▶ [Aim of the exercise]:
The answer must reproduce exactly the lines from the one with "with fuzzy stripes" through the end of the material, and it must contain no pictures.

▶ [Supplied information]:
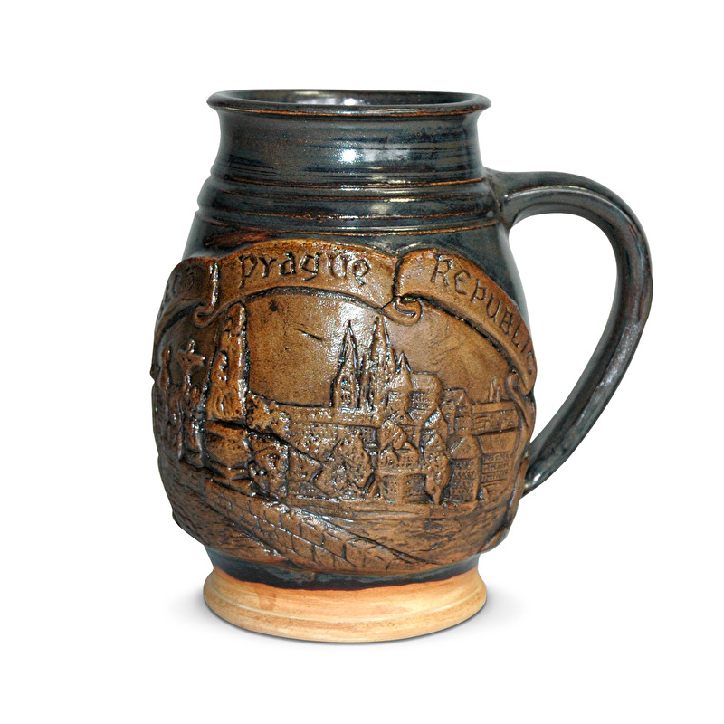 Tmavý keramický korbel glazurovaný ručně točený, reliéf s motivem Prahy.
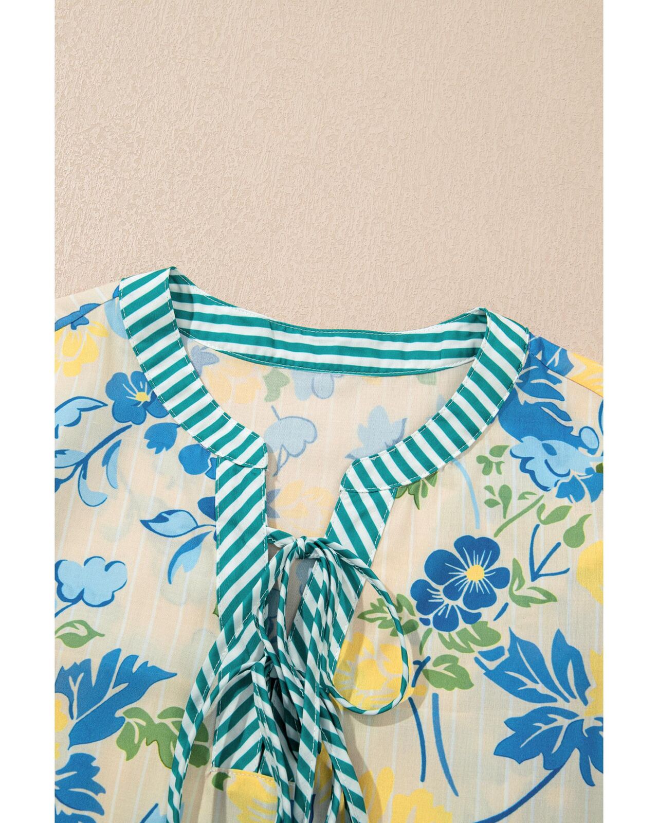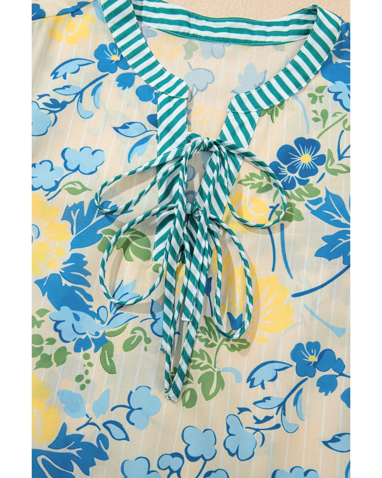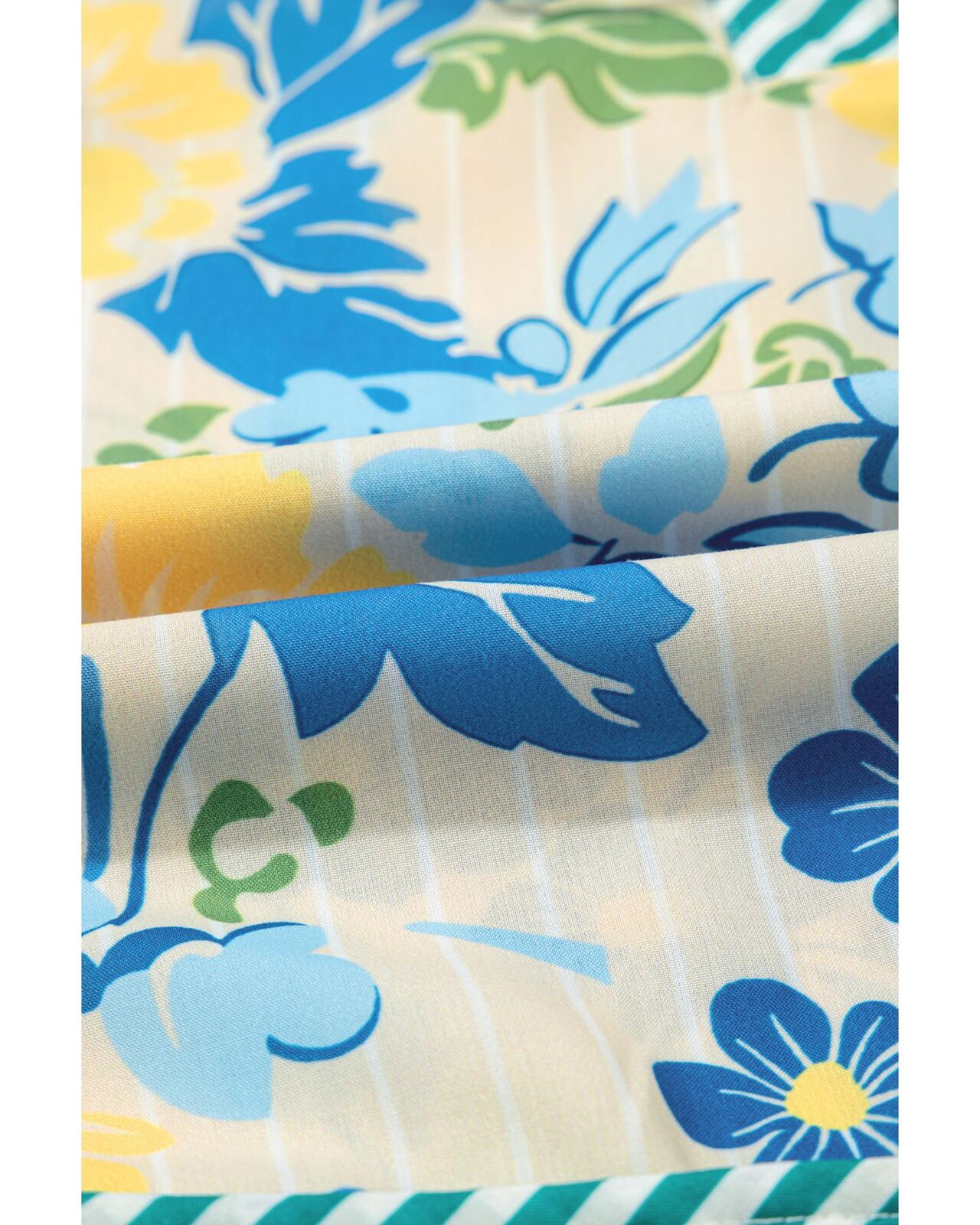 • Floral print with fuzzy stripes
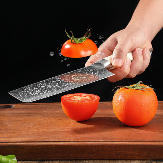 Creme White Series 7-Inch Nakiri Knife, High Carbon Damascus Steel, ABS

▶ [Worked solution]:
 • Floral print with fuzzy stripes
 Creme White Series 7-Inch Nakiri Knife, High Carbon Damascus Steel, ABS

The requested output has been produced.